# Gateway EC1803 / Acer Aspire 1410

## figueroa

Upon selling my Acer made eMachine emd620, I started the search for a netbook, but wanting something better than 1024 x 600 video.  I found what looked like a dream machine at the right price at Tiger Direct, the Gateway EC1803, that is essentially a slightly cosmetically altered Aspire 1410.

I spent the best part of a day trying to get Linux Mint installed in a 50 G partition but was being thwarted by disk errors upon rebooting.  Not to be daunted, I cloned the Gentoo installation from my Sony laptop (similar hardware) made the necessary kernel tweaks, and continued to experience hard drive errors on rebooting to the extent that sometimes I could get to a prompt, and sometimes I could not.

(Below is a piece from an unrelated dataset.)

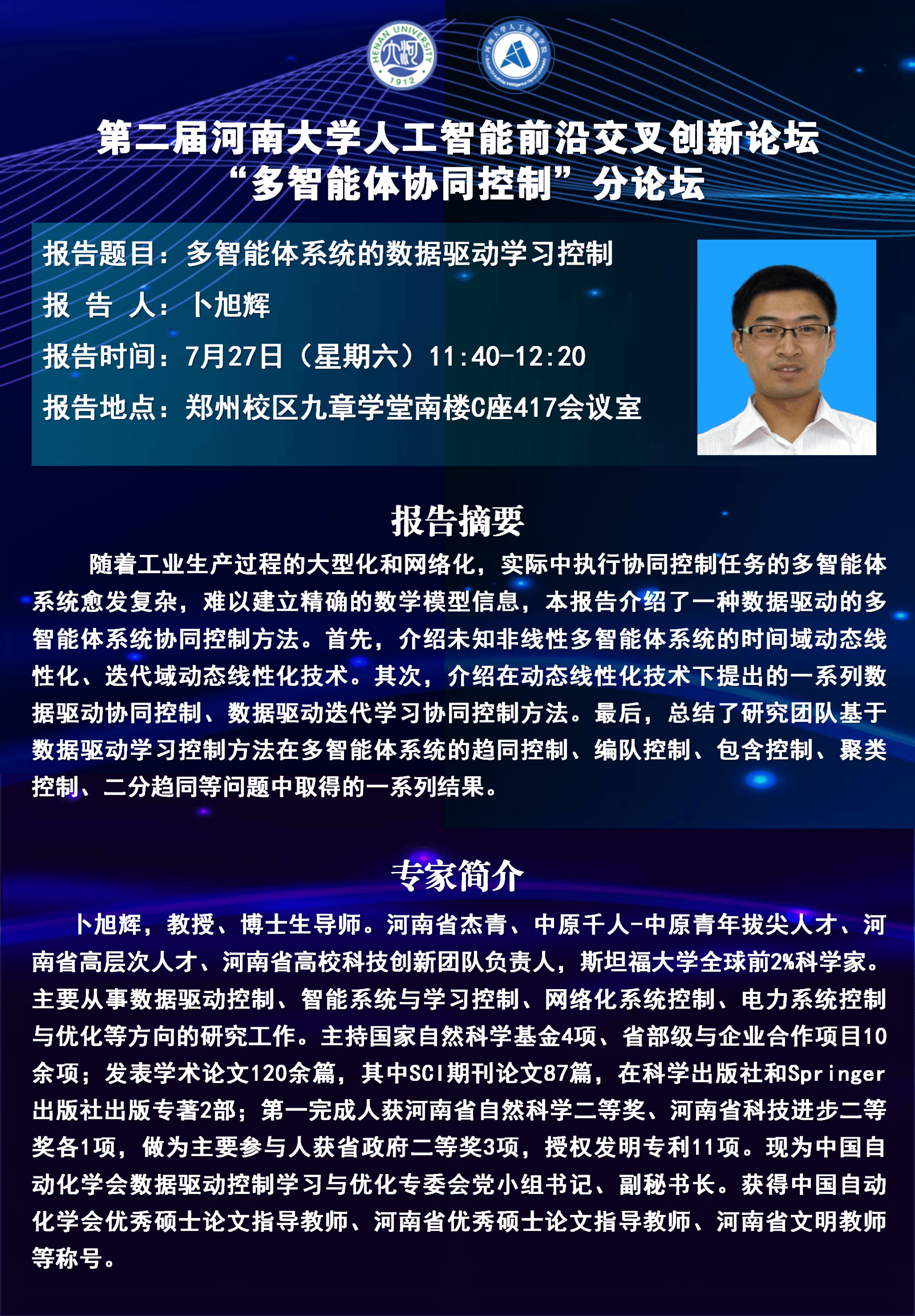 卜旭辉:多智能体系统的数据驱动学习控制(时间:7月27日)

I searched the web for knowledge and found that installing the BIOS upgrade from the Acer web site http://www.acer.ca/acer/service.do?LanguageISOCtxParam=en&miu10einu24.current.attN2B2F2EEF=3751&sp=page15e&ctx2.c2att1=27&miu10ekcond13.attN2B2F2EEF=3751&CountryISOCtxParam=CA&ctx1.att21k=1&CRC=719687231 for the Aspire 1410 was being done with success and according the the posters badly needed.  (Acer classifies the 1410 as a small notebook, not a netbook.)

So, from Vista (ugh) I installed the BIOS from the Acer Aspire 1410 (the computer isn't even listed on Gateway's web site), the current version being 1.3310, identified as simply 3310 on Acer's site, which went perfectly.

And now: EVERYTHING works perfectly without error.  Although I'm using Gentoo, I can also report that Linux Mint version 8 also appears to work perfectly out of the box supporting all of the hardware the best I can tell.  (This helped me identify the right kernel modules to add to my Gentoo kernel.)

----------